Pierpont writes that even before the Civil War, the Waverly novels of Sir Walter Scott, as well as his "Ivanhoe," offered Southerners "a blueprint and a benediction for a society already divided into landed fiefdoms and fully regulated by caste" in the doomed Scottish clans of Scott's phenomenally popular sagas. Taking Scott's "idyll of sentimental feudalism" as their inspiration, Southerners reimagined their society to "transform the surface appearance of a brutal and retarded economic system into a fancy dress theatrical." (Even the burning of crosses was lifted from the Scott novel "The Lady of the Lake.") In fact, the very habit of lamenting a long-lost and far more gracious way of life actually predated the war. "Southerners who were so inclined yearned for the brighter paradise before the Revolution," Pierpoint writes.

So if the "twilight of a nobility" nostalgia detectable in Judge Pannell's order has been picked up from the likes of Ashley Wilkes, Ashley himself learned it before the Confederacy even existed. No wonder many of America's best writers have come from the South -- it's our most literary region, a place where books have profoundly shaped people's sense of both who they are and what their lives mean for centuries. A book about the South, "Uncle Tom's Cabin," helped to trigger the Civil War, and in 1936 "Gone With the Wind," as one wag put it, won the peace -- and in many cases has replaced actual history in its readers' minds. Considering this, the claims of copyright law seem dwarfed by the imperative of historical truth. "Mitchell's characters long ago burst through the restraints of their form and, like folk- or fairy-tale figures, passed directly into mainstream consciousness," writes Pierpont. No wonder, then, that Randall was shocked to learn that she hadn't the right to pen a variation on Mitchell's yarn in the venerable tradition of folklorists worldwide.
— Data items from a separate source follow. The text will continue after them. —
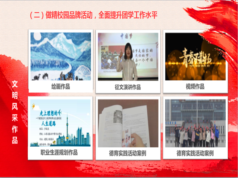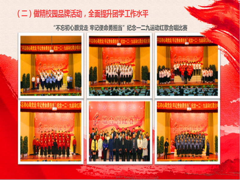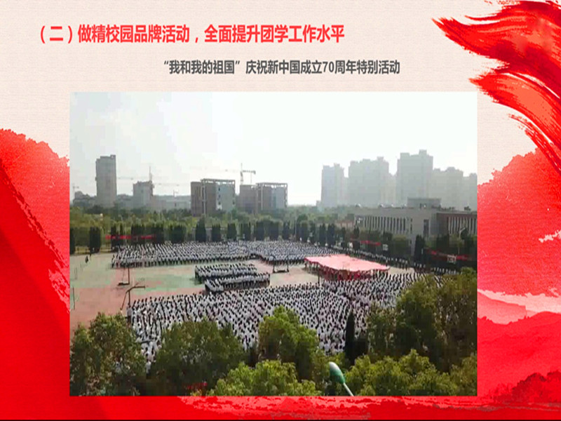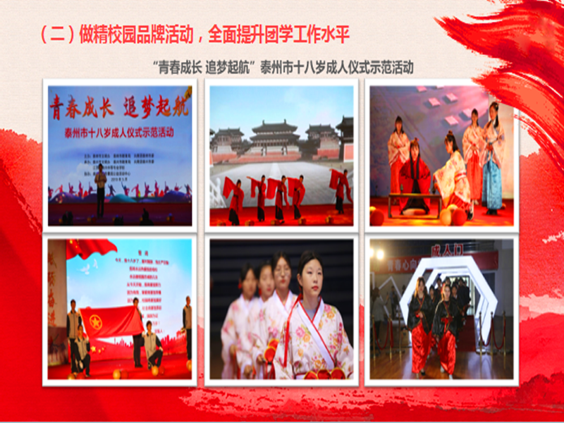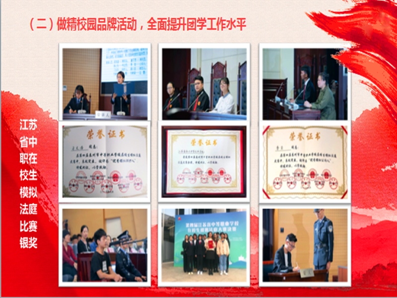 ![]() ![]() (二)做精校园品牌活动,全面提升团学工作水平 春学期的特色品牌活动为3月份的“文明风采”活动、5月份的“青春成长Ÿ追梦起航”十八周岁成人仪式和6月份的班级社团成果展。秋学期的特色品牌活动为9月份的“我与祖国共奋进”庆祝新中国成立70周年活动、11月份的江苏省中等职业学校在校生模拟法庭比赛和12月份的“不忘初心跟党走,牢记使命勇担当”纪念一二九运动红歌合唱比赛。
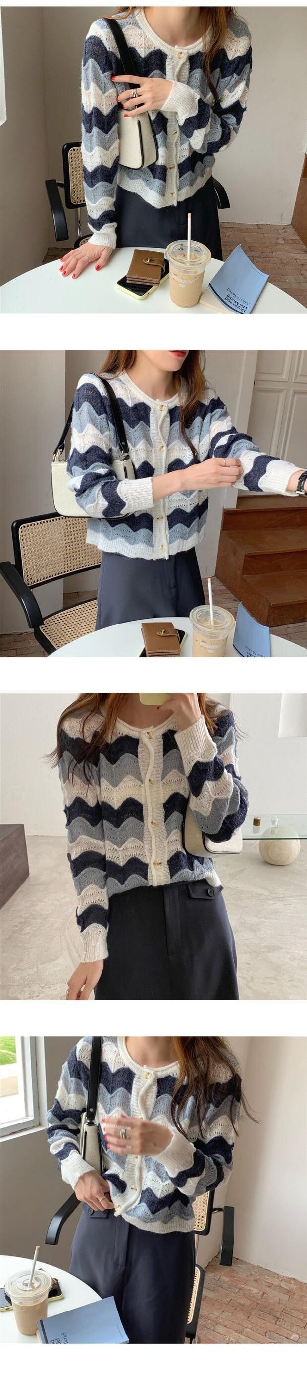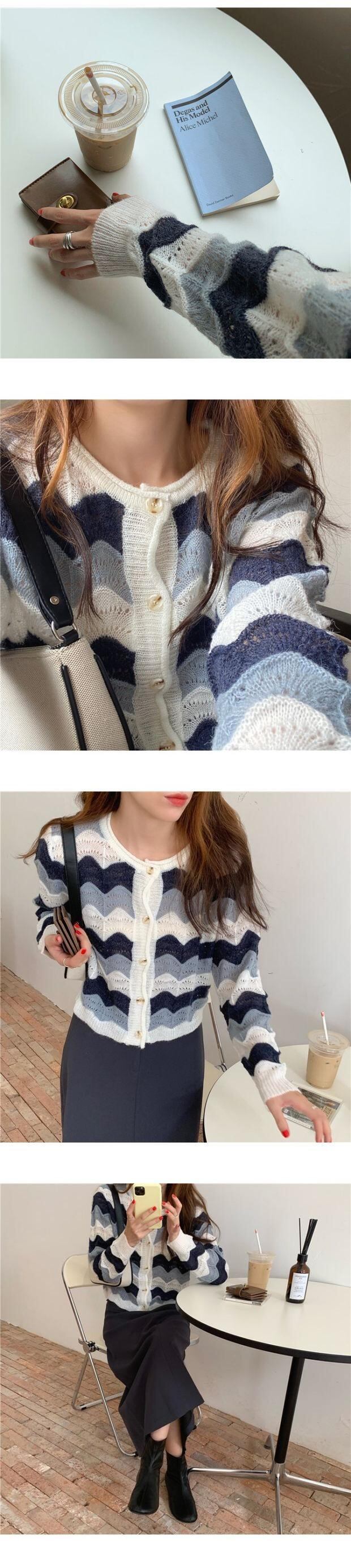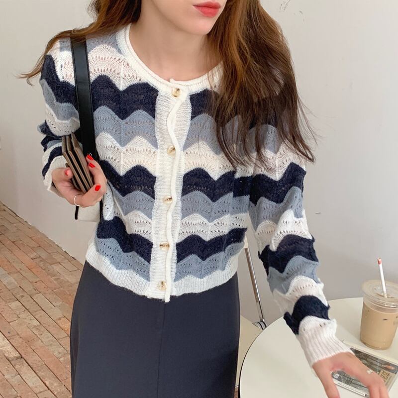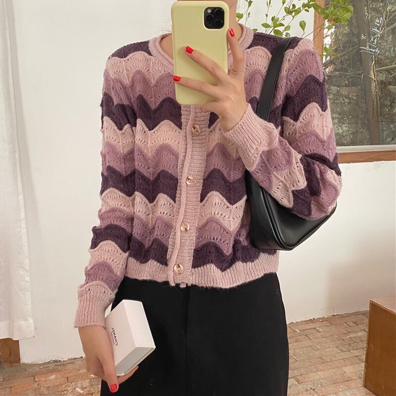 トップス カーディガンラウンドネックストライプスタンダードニットセーター レトロ 大人ガーリー スウィート キュート カジュアル Oネック 左左右右97748979916
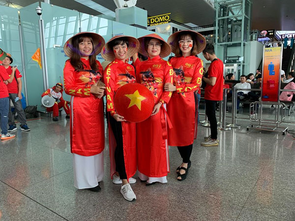Đã có hơn 300 CĐV đi trên các chuyến bay thẳng đặc biệt của Vietnam Airlines. Ảnh: KH
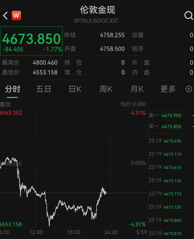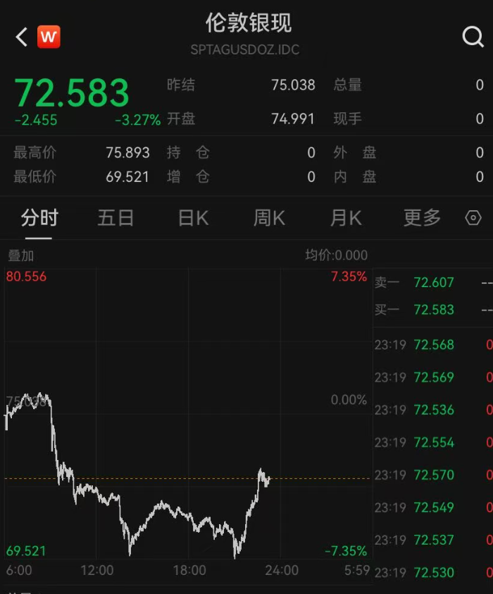 现货黄金一度跌超4%,目前跌幅已收窄至1.77%,报4678美元/盎司;现货白银一度大跌7%,目前跌幅收窄至3%,报72.58美元/盎司。
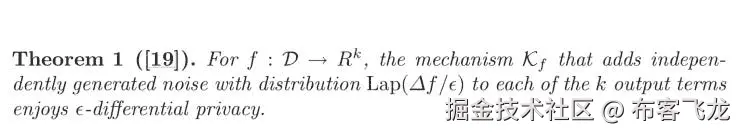 在查询函数 f 上,隐私机制 k 用 f(X)+(lap(δf/ε))^k 以分布 lap(δf/ε)添加噪声)独立地响应 f(x)的 k 个分量中的每一个。
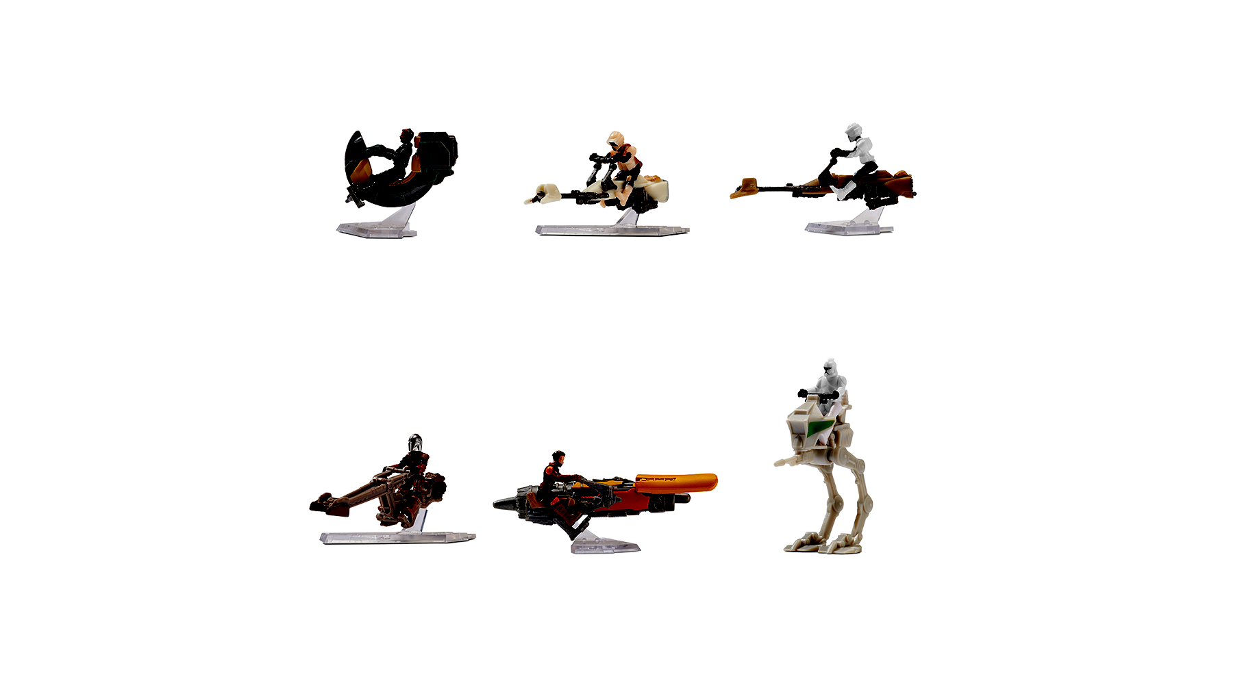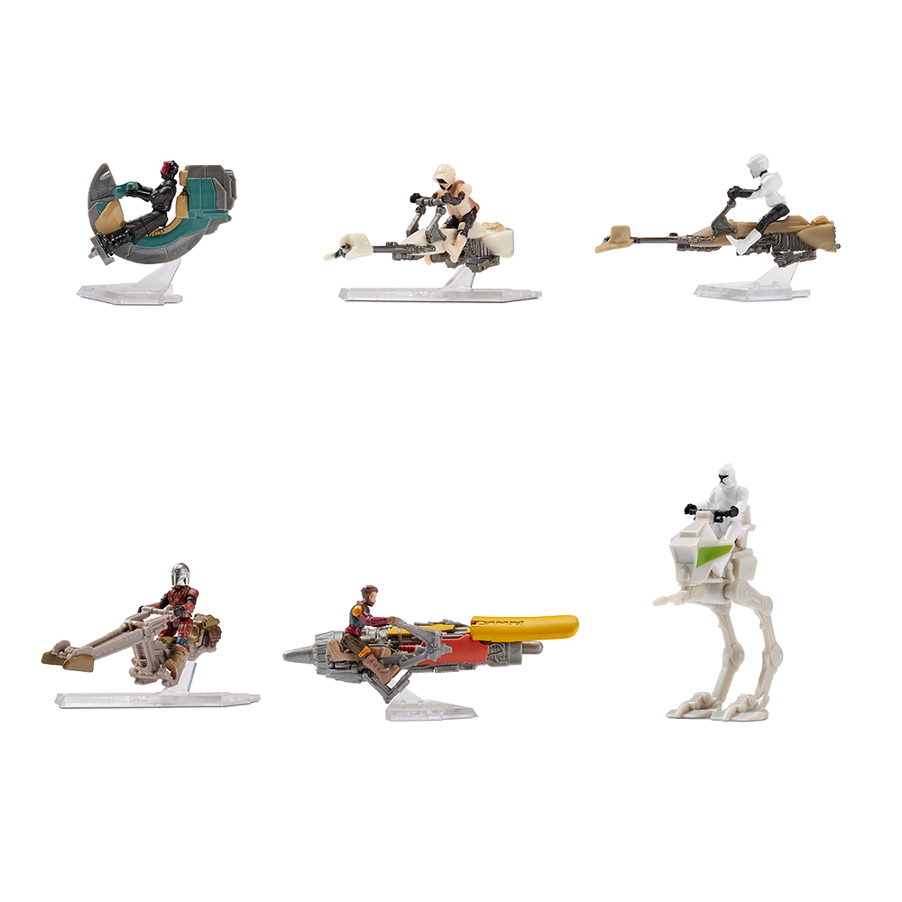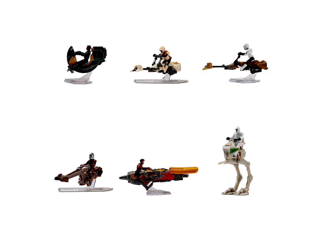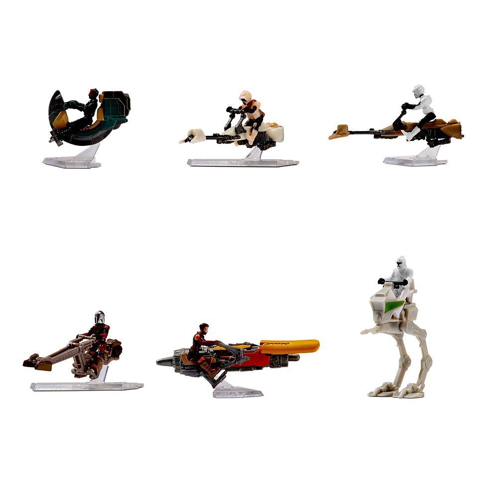 Minden csomag tartalmaz egy ikonikus Csillagok háborúja filmből származó járművet figurával.

Practically, we can side with law professor Lawrence Lessig, who in an April 30 editorial in the New York Times, urged Congress to stop its practice of extending copyright protection long past the death of a work's author. It's true that, whatever the letter of the law, "Gone With the Wind" is more than just a work of fiction and that, whatever Judge Pannell says, Mitchell's novel has become a kind of history, in accord with the deeply mythologized sense the South has of itself. That doesn't mean that "The Wind Done Gone" will find much of an audience even if Randall's publisher ends up being allowed to freely distribute it. Randall's book may be righteous, and it may have the truth on its side, but when it comes to the South, it's always the best story that wins.